▶ Try it
Exactly reproduce each record listed below.

- Opening Delimiter -

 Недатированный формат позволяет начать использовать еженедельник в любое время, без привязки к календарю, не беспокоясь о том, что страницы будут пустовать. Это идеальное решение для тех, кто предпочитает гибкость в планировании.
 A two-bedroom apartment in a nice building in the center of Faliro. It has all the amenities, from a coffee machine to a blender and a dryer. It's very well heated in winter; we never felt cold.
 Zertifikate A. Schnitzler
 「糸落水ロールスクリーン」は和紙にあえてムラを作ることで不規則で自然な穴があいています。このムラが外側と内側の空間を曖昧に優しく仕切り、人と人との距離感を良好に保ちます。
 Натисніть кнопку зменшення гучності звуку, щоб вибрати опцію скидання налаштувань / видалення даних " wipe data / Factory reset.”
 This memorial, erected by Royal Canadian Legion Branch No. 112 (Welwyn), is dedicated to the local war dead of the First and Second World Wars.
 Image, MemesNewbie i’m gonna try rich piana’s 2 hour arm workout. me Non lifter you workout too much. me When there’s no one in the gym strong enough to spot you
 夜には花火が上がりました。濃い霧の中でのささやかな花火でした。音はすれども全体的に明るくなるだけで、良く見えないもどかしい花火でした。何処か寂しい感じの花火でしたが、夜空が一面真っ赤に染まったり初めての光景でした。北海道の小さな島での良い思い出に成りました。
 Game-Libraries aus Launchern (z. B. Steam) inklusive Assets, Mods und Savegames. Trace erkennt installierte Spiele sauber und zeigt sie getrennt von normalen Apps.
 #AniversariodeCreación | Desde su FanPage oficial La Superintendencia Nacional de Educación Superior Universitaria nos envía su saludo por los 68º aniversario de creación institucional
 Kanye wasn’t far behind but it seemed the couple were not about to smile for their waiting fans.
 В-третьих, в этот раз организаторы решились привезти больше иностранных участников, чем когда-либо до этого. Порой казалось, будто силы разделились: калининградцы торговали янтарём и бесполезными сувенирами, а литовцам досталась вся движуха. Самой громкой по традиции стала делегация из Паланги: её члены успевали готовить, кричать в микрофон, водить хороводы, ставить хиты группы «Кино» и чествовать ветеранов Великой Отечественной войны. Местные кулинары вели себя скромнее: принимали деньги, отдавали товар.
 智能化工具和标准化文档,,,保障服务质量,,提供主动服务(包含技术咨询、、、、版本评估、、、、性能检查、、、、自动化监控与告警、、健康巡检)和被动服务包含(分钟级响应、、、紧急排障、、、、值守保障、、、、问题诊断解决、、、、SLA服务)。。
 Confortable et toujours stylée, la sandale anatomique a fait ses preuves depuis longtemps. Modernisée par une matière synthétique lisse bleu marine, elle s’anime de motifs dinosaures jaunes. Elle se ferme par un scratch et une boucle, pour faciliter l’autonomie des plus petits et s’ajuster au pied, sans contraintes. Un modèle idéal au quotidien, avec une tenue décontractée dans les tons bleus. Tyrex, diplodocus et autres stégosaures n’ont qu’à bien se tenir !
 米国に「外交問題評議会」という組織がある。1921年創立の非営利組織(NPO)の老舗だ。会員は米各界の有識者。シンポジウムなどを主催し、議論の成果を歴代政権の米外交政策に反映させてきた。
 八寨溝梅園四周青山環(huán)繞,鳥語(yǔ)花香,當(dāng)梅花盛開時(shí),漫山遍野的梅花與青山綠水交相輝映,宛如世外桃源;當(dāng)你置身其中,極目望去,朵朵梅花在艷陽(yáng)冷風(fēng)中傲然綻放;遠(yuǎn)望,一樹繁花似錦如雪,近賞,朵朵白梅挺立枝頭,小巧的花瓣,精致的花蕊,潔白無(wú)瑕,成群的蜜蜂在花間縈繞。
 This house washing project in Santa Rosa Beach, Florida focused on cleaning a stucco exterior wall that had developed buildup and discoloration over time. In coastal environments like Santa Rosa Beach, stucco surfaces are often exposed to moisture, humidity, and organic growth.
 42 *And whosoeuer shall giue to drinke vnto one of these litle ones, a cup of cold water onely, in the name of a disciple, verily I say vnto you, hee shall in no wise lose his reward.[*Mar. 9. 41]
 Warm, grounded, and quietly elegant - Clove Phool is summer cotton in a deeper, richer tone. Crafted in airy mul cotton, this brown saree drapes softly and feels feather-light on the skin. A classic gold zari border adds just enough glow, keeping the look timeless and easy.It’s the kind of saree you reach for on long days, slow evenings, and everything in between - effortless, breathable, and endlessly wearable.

- Closing Delimiter -

▶ Expected answer
 Недатированный формат позволяет начать использовать еженедельник в любое время, без привязки к календарю, не беспокоясь о том, что страницы будут пустовать. Это идеальное решение для тех, кто предпочитает гибкость в планировании.
 A two-bedroom apartment in a nice building in the center of Faliro. It has all the amenities, from a coffee machine to a blender and a dryer. It's very well heated in winter; we never felt cold.
 Zertifikate A. Schnitzler
 「糸落水ロールスクリーン」は和紙にあえてムラを作ることで不規則で自然な穴があいています。このムラが外側と内側の空間を曖昧に優しく仕切り、人と人との距離感を良好に保ちます。
 Натисніть кнопку зменшення гучності звуку, щоб вибрати опцію скидання налаштувань / видалення даних " wipe data / Factory reset.”
 This memorial, erected by Royal Canadian Legion Branch No. 112 (Welwyn), is dedicated to the local war dead of the First and Second World Wars.
 Image, MemesNewbie i’m gonna try rich piana’s 2 hour arm workout. me Non lifter you workout too much. me When there’s no one in the gym strong enough to spot you
 夜には花火が上がりました。濃い霧の中でのささやかな花火でした。音はすれども全体的に明るくなるだけで、良く見えないもどかしい花火でした。何処か寂しい感じの花火でしたが、夜空が一面真っ赤に染まったり初めての光景でした。北海道の小さな島での良い思い出に成りました。
 Game-Libraries aus Launchern (z. B. Steam) inklusive Assets, Mods und Savegames. Trace erkennt installierte Spiele sauber und zeigt sie getrennt von normalen Apps.
 #AniversariodeCreación | Desde su FanPage oficial La Superintendencia Nacional de Educación Superior Universitaria nos envía su saludo por los 68º aniversario de creación institucional
 Kanye wasn’t far behind but it seemed the couple were not about to smile for their waiting fans.
 В-третьих, в этот раз организаторы решились привезти больше иностранных участников, чем когда-либо до этого. Порой казалось, будто силы разделились: калининградцы торговали янтарём и бесполезными сувенирами, а литовцам досталась вся движуха. Самой громкой по традиции стала делегация из Паланги: её члены успевали готовить, кричать в микрофон, водить хороводы, ставить хиты группы «Кино» и чествовать ветеранов Великой Отечественной войны. Местные кулинары вели себя скромнее: принимали деньги, отдавали товар.
 智能化工具和标准化文档,,,保障服务质量,,提供主动服务(包含技术咨询、、、、版本评估、、、、性能检查、、、、自动化监控与告警、、健康巡检)和被动服务包含(分钟级响应、、、紧急排障、、、、值守保障、、、、问题诊断解决、、、、SLA服务)。。
 Confortable et toujours stylée, la sandale anatomique a fait ses preuves depuis longtemps. Modernisée par une matière synthétique lisse bleu marine, elle s’anime de motifs dinosaures jaunes. Elle se ferme par un scratch et une boucle, pour faciliter l’autonomie des plus petits et s’ajuster au pied, sans contraintes. Un modèle idéal au quotidien, avec une tenue décontractée dans les tons bleus. Tyrex, diplodocus et autres stégosaures n’ont qu’à bien se tenir !
 米国に「外交問題評議会」という組織がある。1921年創立の非営利組織(NPO)の老舗だ。会員は米各界の有識者。シンポジウムなどを主催し、議論の成果を歴代政権の米外交政策に反映させてきた。
 八寨溝梅園四周青山環(huán)繞,鳥語(yǔ)花香,當(dāng)梅花盛開時(shí),漫山遍野的梅花與青山綠水交相輝映,宛如世外桃源;當(dāng)你置身其中,極目望去,朵朵梅花在艷陽(yáng)冷風(fēng)中傲然綻放;遠(yuǎn)望,一樹繁花似錦如雪,近賞,朵朵白梅挺立枝頭,小巧的花瓣,精致的花蕊,潔白無(wú)瑕,成群的蜜蜂在花間縈繞。
 This house washing project in Santa Rosa Beach, Florida focused on cleaning a stucco exterior wall that had developed buildup and discoloration over time. In coastal environments like Santa Rosa Beach, stucco surfaces are often exposed to moisture, humidity, and organic growth.
 42 *And whosoeuer shall giue to drinke vnto one of these litle ones, a cup of cold water onely, in the name of a disciple, verily I say vnto you, hee shall in no wise lose his reward.[*Mar. 9. 41]
 Warm, grounded, and quietly elegant - Clove Phool is summer cotton in a deeper, richer tone. Crafted in airy mul cotton, this brown saree drapes softly and feels feather-light on the skin. A classic gold zari border adds just enough glow, keeping the look timeless and easy.It’s the kind of saree you reach for on long days, slow evenings, and everything in between - effortless, breathable, and endlessly wearable.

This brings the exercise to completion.